Visual Design Collage

Summary

Akeso is a platform for families to prevent and manage Type 2 Diabetes together. The project was placed as a design challenge finalist for the Berkeley-Haas Healthcare Conference 2015. We've recently received news that our work will be shared with the CDC.

As a designer for the team, my responsibilities included visual design, UX/UI design, and branding. I also collaborated with other team members from different disciplines on ideation, user research, market research, ethnographic studies, competitor analysis, and business model. This case study will focus mostly on the design process.

 

The problem

Type 2 Diabetes is a lifestyle disease that is difficult to prevent and manage without having a supportive system in place. Current solutions are lacking in providing a comprehensive platform for both prevention and management of the disease. Most importantly, these solutions are not empowering the family unit as a whole: Diabetes is not an individual, isolated disease. Additionally, the national cost for diabetes management is astronomical.

 

Our Solution

We created a two-part solution, a companion app and a subscription box, to deliver the following:

  • Family participation
  • Professional support
  • Tailored information
  • Convenient management tools

 

User Research

After interviewing patients with diabetes and healthcare professionals with expertise in treating this chronic disease, we found a common theme of "family" present in all treatment and management strategies. This finding is reflected throughout our product.

 

Visual Branding

In creating a family-oriented digital health solution, I wanted to expand upon the usual "medical blue" and "medical green", which convey professionalism and confidence, to include a warmer color for family-friendliness. The color palette was created using Coolors.co. The selected typography is also less institutional and more welcoming. Here is the style guide I established for the team to use in pitch deck and app design.

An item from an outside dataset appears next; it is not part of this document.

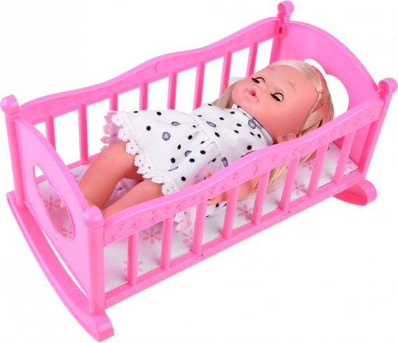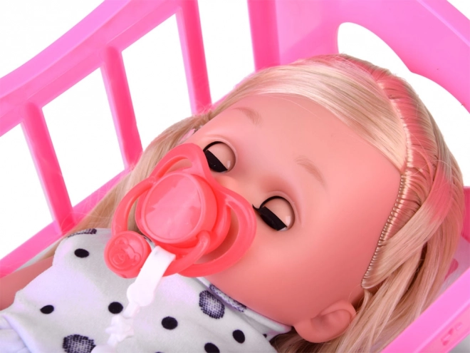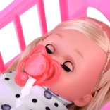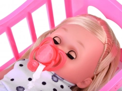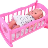 Po karmieniu możesz ułożyć niemowlę w różowej kołysce. Lalka zamyka oczy i łatwo „zasypia”.
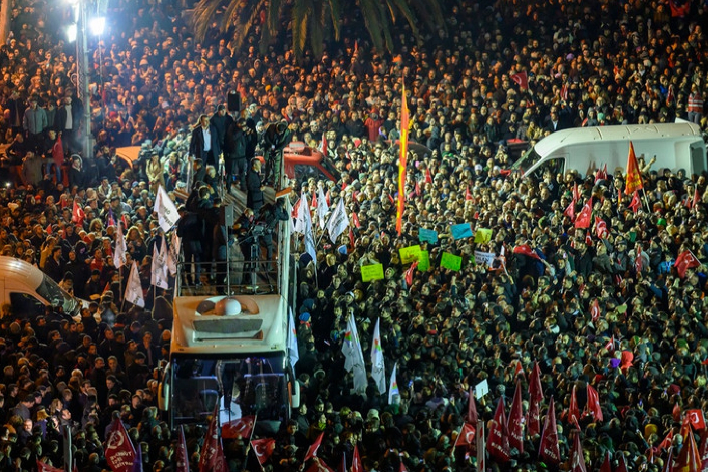 İstanbul Büyükşehir Belediye BaşkanıEkrem İmamoğlu'nun İstanbul Cumhuriyet Başsavcılığı’nın 'yolsuzluk' ve 'terör' suçlarından başlattığı iki ayrı soruşturma kapsamında bu sabah gözaltına alınmasının ardından CHP 'Milletin iradesine sahip çıkıyoruz' sloganıyla Saraçhane'de buluşma çağrısı yaptı. Gün boyunca protestoların sürdüğü Saraçhane'deki kalabalık her geçen saat arttı.

The logo is a stylized origami hummingbird, a nod to the popular paper crane, simple and playful. Hummingbirds are known for their sugar-based nectar diets, but their feeding practices and high activity levels represent the lifestyle changes we want to introduce. These birds have also been seen to take great care of their offsprings.

 

High-fidelity design mocks

Since we were on a tight timeline to create something presentable and polished for the pitch competition, I decided to focus on creating some sample screens, instead of going through low-fidelity design steps. This was a challenge in itself—producing seemingly final designs without proper wireframes and iterations.

The message we wanted to present through the app was the overarching theme of "family" and accessibility to a healthcare professional that could fit in 1 minute of presentation. Here are the screens I created to tell this narrative. We decided to use characters from a well-known family: The Incredibles.


The getting started screen walks a user through adding her family members


An overview dashboard showing progress and vitals of family members


A health coach can be reached via messaging or a video call

 

Results

I was able to present these screens as a sample patient journey in the alloted 1 minute (out of 5 minutes total for the pitch presentation). These screens allowed us to show, at a high level, how a family can participate and track everyone's progress, and how a user can conveniently reach a health coach.